Non-invasive modalities of respiratory support are increasingly being employed in the management of acute hypoxemic respiratory failure in COVID-19, considering early reports that suggested high mortality with invasive mechanical ventilation.1 Respiratory support with high-flow nasal cannula (HFNC) has been found to be associated with reduced 90-day mortality in non-COVID-19-related acute hypoxemic respiratory failure.2
In a previous observational study from France, 379 patients with COVID-19-related acute respiratory failure were evaluated. In this study, 146 received HFNC, while 233 did not. The use of HFNC was associated with a significantly lower requirement for invasive ventilation at day 28 (56% vs. 75%; P < 0.0001); however, the 28-day mortality was not significantly different.3 In another observational cohort from South Africa, consecutive patients with COVID-19-related acute hypoxemic respiratory failure were studied. In this study, 137/293 (47%) patients were successfully weaned off HFNC therapy. A higher ROX score (the ratio of oxygen saturation/FiO2 to the respiratory rate) at 6 hours after the commencement of HFNC was associated with successful weaning. Overall, 139 patients (52%) survived to hospital discharge.4 A randomized controlled trial (RCT) from Italy compared helmet non-invasive ventilation (NIV) for a minimum duration of 48 hours followed by HFNC with high-flow oxygen alone at 60 L/min. The authors observed no significant difference in respiratory support-free days at 28 days. However, the requirement for endotracheal intubation was significantly lower with helmet NIV compared to HFNC. The median number of invasive ventilation-free days was also significantly higher in the helmet NIV group.5
Against this background, the investigators of the HiFLo-Covid RCT compared the efficacy of HFNC with conventional oxygen therapy in patients with COVID-19-related acute respiratory failure.
Design and setting
The HiFLo-Covid randomized controlled trial was conducted across three centers in Columbia over a 5-month period between August 2020 to January 2021.6 Patients were randomized in a 1:1 ratio to high flow nasal cannula (HFNC) or conventional oxygen therapy. The trial was unblinded, but the main investigators were unaware of study group outcomes until the database was unlocked. A web-based randomization was carried out with stratification by study site.

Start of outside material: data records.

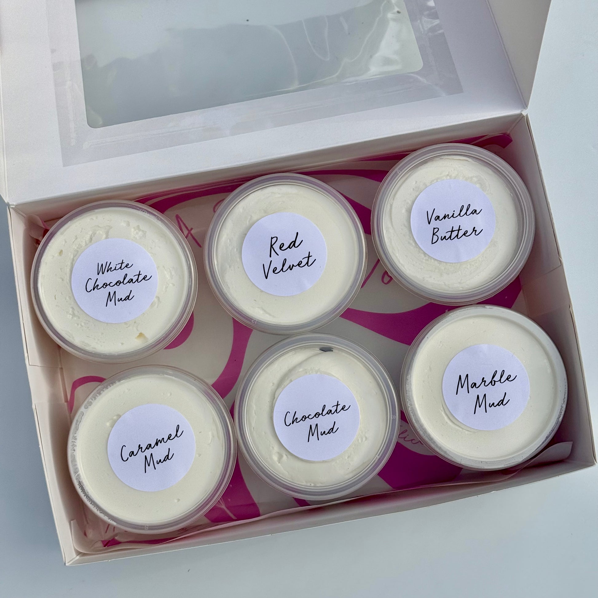 CLASSIC FLAVOUR BOX includes 1x slice of each of the following 6 flavours. All flavours are topped with vanilla Italian meringue buttercream as this is what we use to decorate the outside of our cakes. Cakes + fillings are paired as we recommend them, but you're welcome to mix + match!
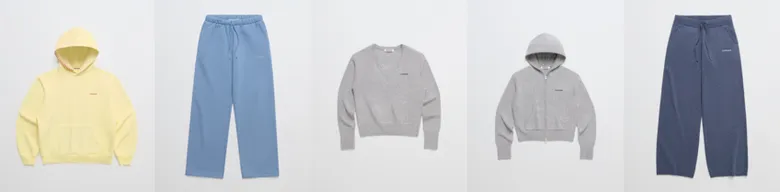 (写真左から) Classics Fleece Hoodie ¥31,900 / Classics Fleece Straight Sweatpant ¥29,700 / Classics V-Neck Sweater ¥49,500 / Classics Shrunken Sweater Full Zip Hoodie ¥49,500 / Classics Sweater Lounge Pant ¥38,500 (すべて税込)
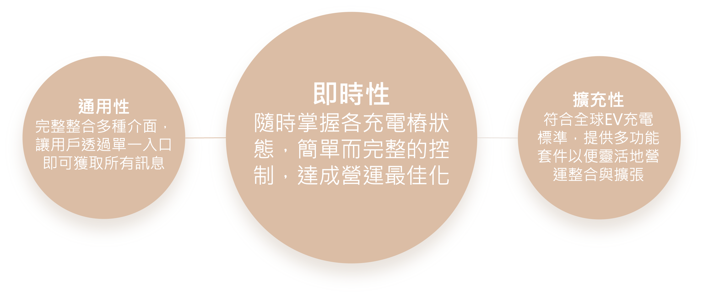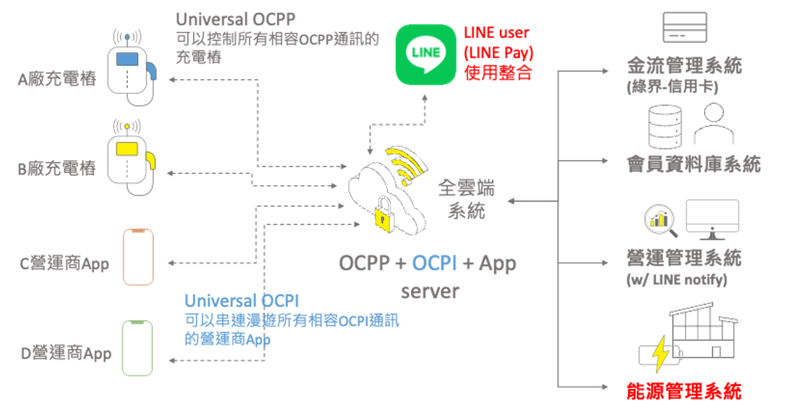 可控制所有相容OCPP通訊充電樁,可串接漫遊所有相容OCPI通訊營運商APP,所有服務皆整合至我們的全雲端系統
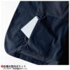 ◇機能:撥水・大型スマホも入る口幅11センチポケット・ファスナー付きでもの落下防止の胸ポケット・脇部分には隠しファスナー付きでモノ落下防止ポケット・袖口はボタンで開閉。手洗い時にも便利。左胸・右胸の両玉内ポケット。右裾ファスナー付き大型ポケット
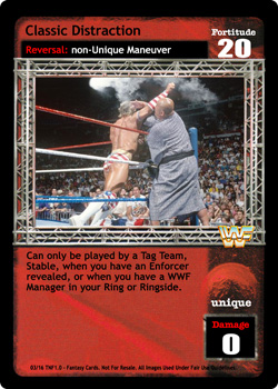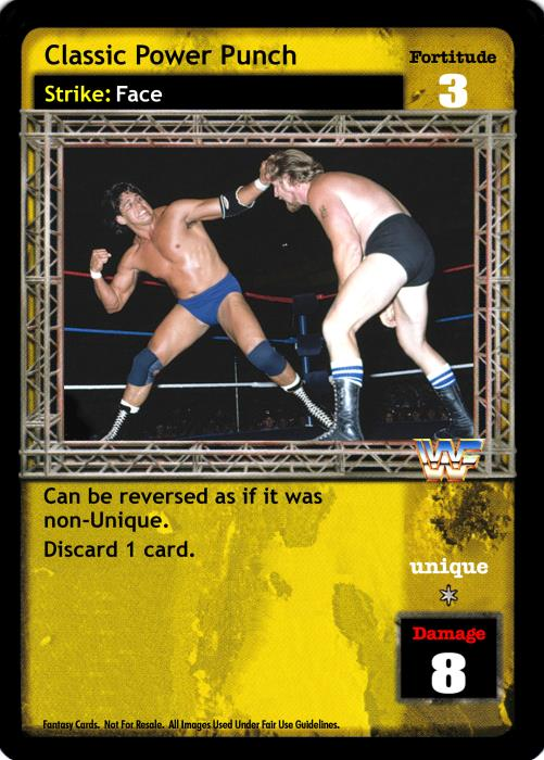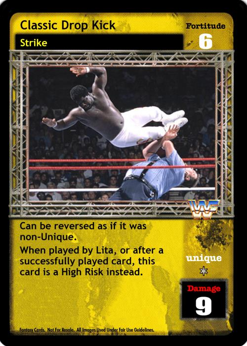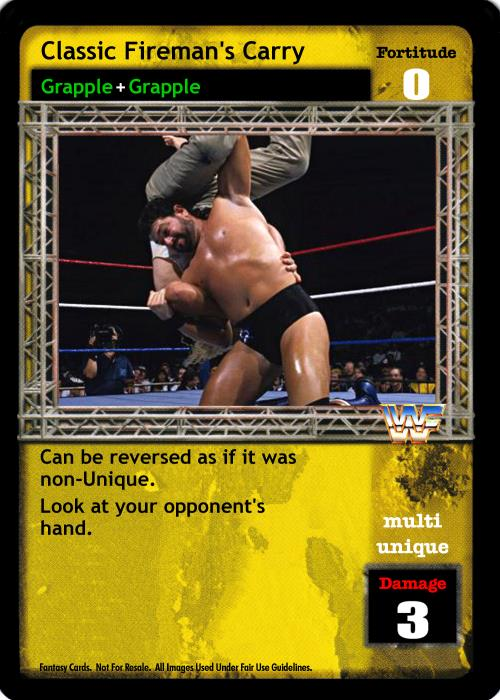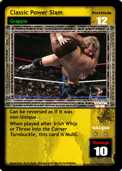 Can be reversed as if it was non-Unique. When played after Irish Whip or Throw Into the Corner Turnbuckle, this card is Multi.
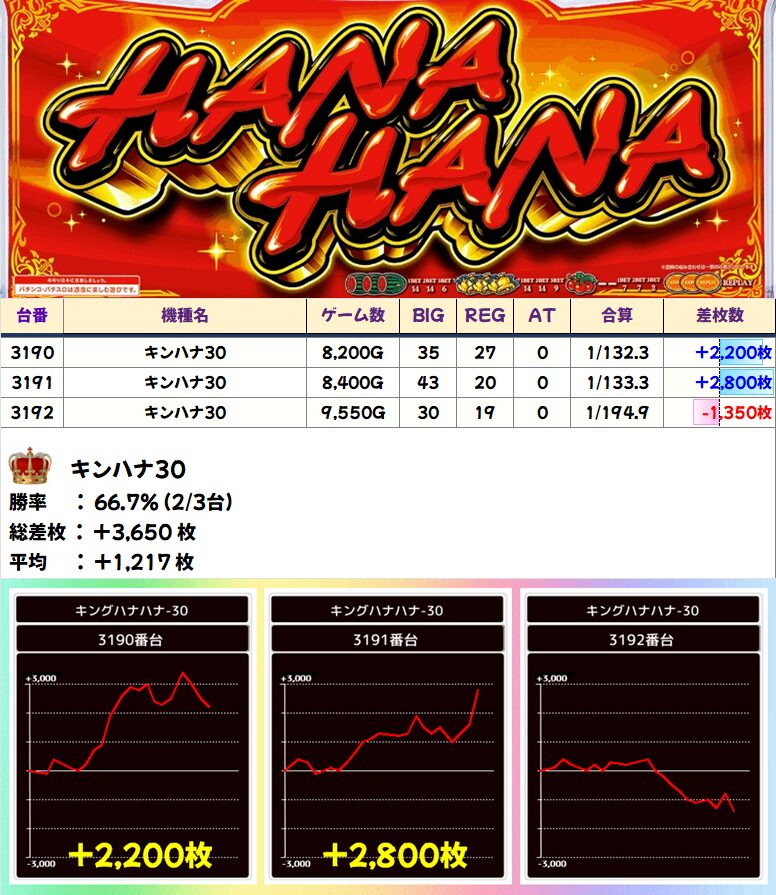 キンハナ30 (2/3台+) ➡平均 +1,217枚

The study included adult patients in acute respiratory failure with suspected or confirmed SARS-CoV-2 with a P/F ratio of less than 200 mm Hg and respiratory distress. Clinical signs of respiratory distress included the use of accessory muscles and tachypnea with a respiratory rate of more than 25/min. The time interval between fulfilling criteria for respiratory failure and randomization was less than 6 hours.
The study excluded patients with hypercapnia (PaCO2 more than 55 mm Hg), poor LV function with EF less than 40%, advanced COPD, hospitalization for COPD within the last year, peripheral demyelinating disease, advanced cirrhosis, and anatomical abnormalities that precluded the use of HFNC. Patients who were not expected to survive and pregnant patients were also excluded.
HFNC therapy was commenced at a flow of 60 l/min and FiO2 of 1.0. FiO2 was adjusted to maintain oxygen saturation of 92% or higher. The flow rate was decreased if the patient experienced discomfort. HFNC therapy was continued until criteria for weaning of therapy or intubation were met. Criteria for weaning included improvement in respiratory distress, a P/F ratio higher than 200 mm Hg, and oxygen saturation of 92% or more with less than 9 l/min of conventional oxygen therapy. If hypoxemia recurred after weaning, HFNC therapy could be recommenced unless immediate intubation was required.
Conventional oxygen arm
In the conventional oxygen therapy arm, any low-flow device, including nasal prongs, masks (with or without reservoir), or venturi masks were used alone or in combination. The flow rate and FiO2 were adjusted to maintain an oxygen saturation of 92% or more. Oxygen therapy was continued until recovery or intubation.
Patients could be placed in the prone position for improvement of oxygenation at the discretion of the clinician. The decision for intubation was based on pre-specified criteria. Patients who were on HFNC were continued on this therapy during laryngoscopy and intubation. The use of HFNC was allowed as appropriate in both groups after extubation. Non-invasive ventilation was not used in the study, based on local recommendations. Steroids, antibiotics, and antivirals were administered as appropriate. Patients were followed up until 28 days; when the hospital discharge occurred before 28 days, follow-up was carried out through a telephonic interview.
The authors calculated the sample size based on an intubation rate of 60% according to their previous experience. A sample size of 196 patients was calculated to demonstrate a reduction in the intubation rate by 20% in the HFNC arm (80% power, 2-sided alpha of 0.05). For a reduction in the time to recovery by 2 days, the calculated sample size was 160 patients (80% power, 2-sided alpha of 0.05). Thus, a sample size of 196 patients was chosen. However, during the course of the pandemic, patients had to be transferred from study centers to non-study centers for continued care due to logistical reasons. Continued protocolized care and follow-up were difficult in these patients, and hence, they were excluded from the final analysis. Hence, the final sample size was re-set to 220 patients to allow for transfer-outs.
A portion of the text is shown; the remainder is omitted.